Today, I learned how to manage endurance running when at the limit of my capabilities.

I’d love to say it was because I performed some heroic feat of endurance, but no. Not at all, It was because I was an idiot. My wife and I had signed up for the San Diego Rock ‘n Roll Half Marathon a few months ago, and after the Great Saunter 2022 4 weeks ago, I hadn’t trained. At all. Nor had I really prior. So I came to SD to support her while she ran, and then I figured ‘you know what, I’ll bib up and just walk the course.’

Suuuuure.

I am pleased to say that I finished the half in 3 hours on the dot. That’s abysmally slow for a ‘run’ - but it’s not terrible for a guy in his 50s who isn’t a regular runner, and it’s pretty good for not having done any training.

The most important things I learned, though - to listen to my body.
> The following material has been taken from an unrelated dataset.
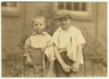 Two of the youngest newsboys in Hartford, Connecticut. They are cousins eight and ten years old. August 25, 1924. Location: Hartford, Connecticut.

Prior to this, I’ve not really tried to run at my limit for any length of time - I’ve been able to just stop if I hit that point and run again some other time. The first half-marathon I ran, I was in pretty good shape - so while I was super exhausted, because I did in fact run or jog the whole way, I completed it without feeling like I was in any danger of injury. Since then, I’ve had knee surgery, and had COVID-19, and wrenched an ankle the past January in a fall, and gotten older.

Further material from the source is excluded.